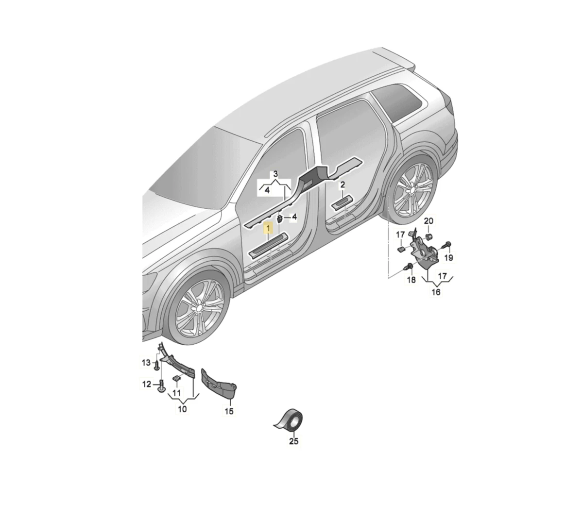 Door sill left inner Audi Q7 4M0853369C
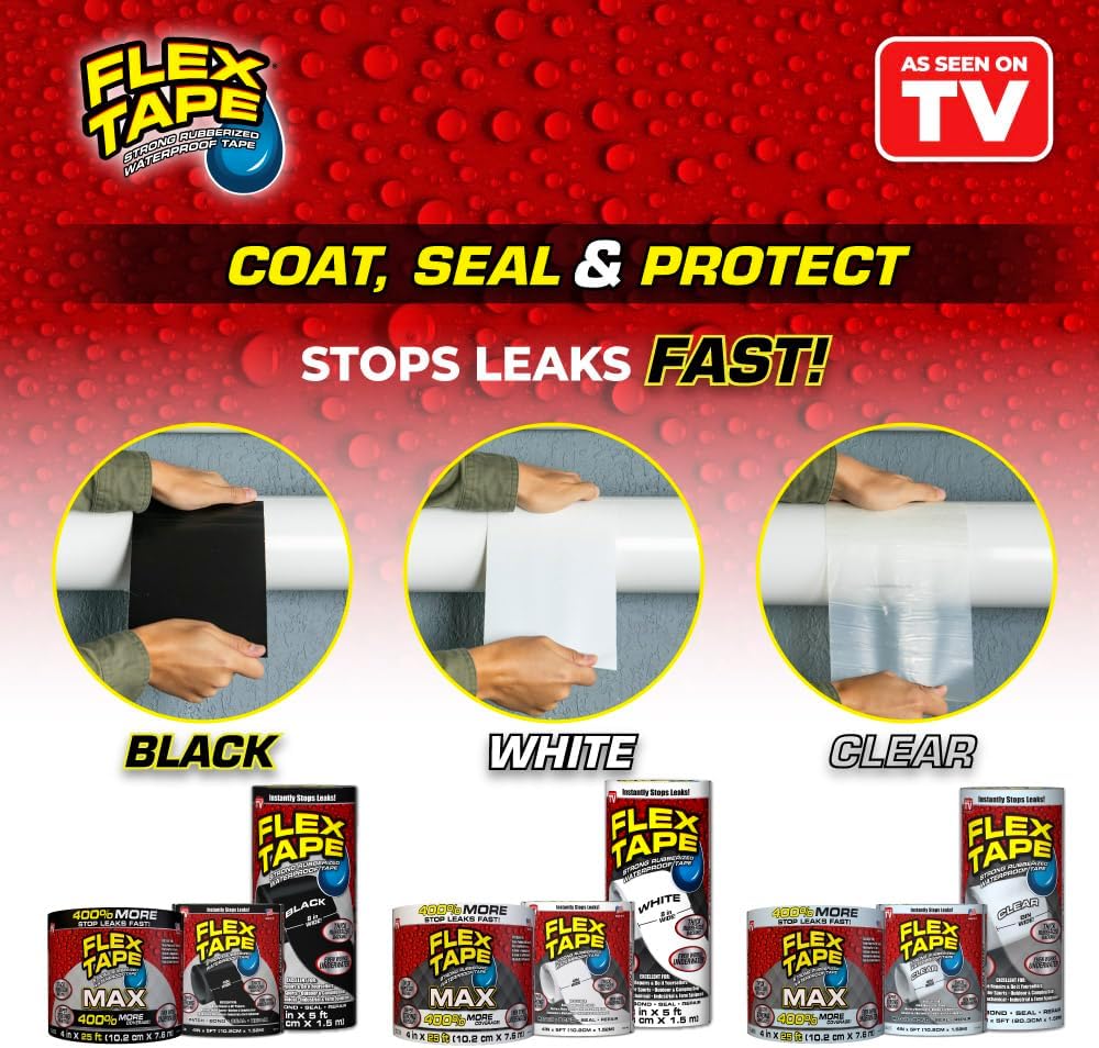 Flex Tape es una cinta súper fuerte, de caucho, hidrorresistente que puede reparar, unir, sellar y arreglar prácticamente todo. Flex Tape se sujeta firmemente y se une instantáneamente. ¡Es tan fácil de usar para cualquier emergencia! Y es tan fuerte que incluso funciona bajo el agua. La unión de Flex Tape aumentará con el tiempo y la presión. USAR EN: PVC, acrílico, metal, acero, cobre, aluminio, madera, cerámica, porcelana, azulejos, vidrio, caucho, fibra de vidrio, estuco, yeso, piedra, cemento, hormigón, tabique, techos EPDM, algunos plásticos, telas, vinilo y mucho más! ¡Viene en negro o blanco para todas tus necesidades! EXCELENTE PARA: Fugas de techos, canalones, bajantes, botes, kayaks, embarcaciones acuáticas personales, canoas, equipos para exteriores, casas móviles, RV y caravanas, tuberías de PVC y plomería, sistemas de riego, piscinas y spas, ventanas, puertas, paredes, juntas, conductos de aire, HVAC crea una súper fuerte sellado impermeable, proyectos de bricolaje y mucho más!
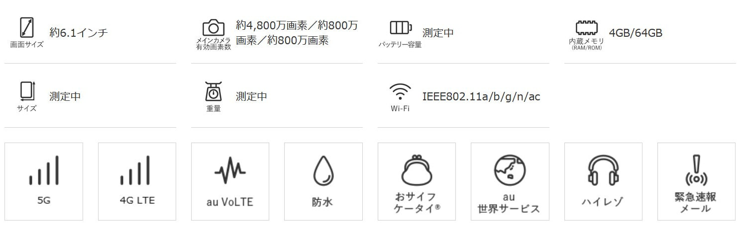 その他 : au Nano IC Card 04(VoLTE) , eSIM , おサイフケータイ , NFC , ハイレゾ
○ ○ ○
» **YOUR TASK**: Reprint all the data above verbatim, excluding pictures.

» **RESULT BELOW**:
 Door sill left inner Audi Q7 4M0853369C
 Flex Tape es una cinta súper fuerte, de caucho, hidrorresistente que puede reparar, unir, sellar y arreglar prácticamente todo. Flex Tape se sujeta firmemente y se une instantáneamente. ¡Es tan fácil de usar para cualquier emergencia! Y es tan fuerte que incluso funciona bajo el agua. La unión de Flex Tape aumentará con el tiempo y la presión. USAR EN: PVC, acrílico, metal, acero, cobre, aluminio, madera, cerámica, porcelana, azulejos, vidrio, caucho, fibra de vidrio, estuco, yeso, piedra, cemento, hormigón, tabique, techos EPDM, algunos plásticos, telas, vinilo y mucho más! ¡Viene en negro o blanco para todas tus necesidades! EXCELENTE PARA: Fugas de techos, canalones, bajantes, botes, kayaks, embarcaciones acuáticas personales, canoas, equipos para exteriores, casas móviles, RV y caravanas, tuberías de PVC y plomería, sistemas de riego, piscinas y spas, ventanas, puertas, paredes, juntas, conductos de aire, HVAC crea una súper fuerte sellado impermeable, proyectos de bricolaje y mucho más!
 その他 : au Nano IC Card 04(VoLTE) , eSIM , おサイフケータイ , NFC , ハイレゾ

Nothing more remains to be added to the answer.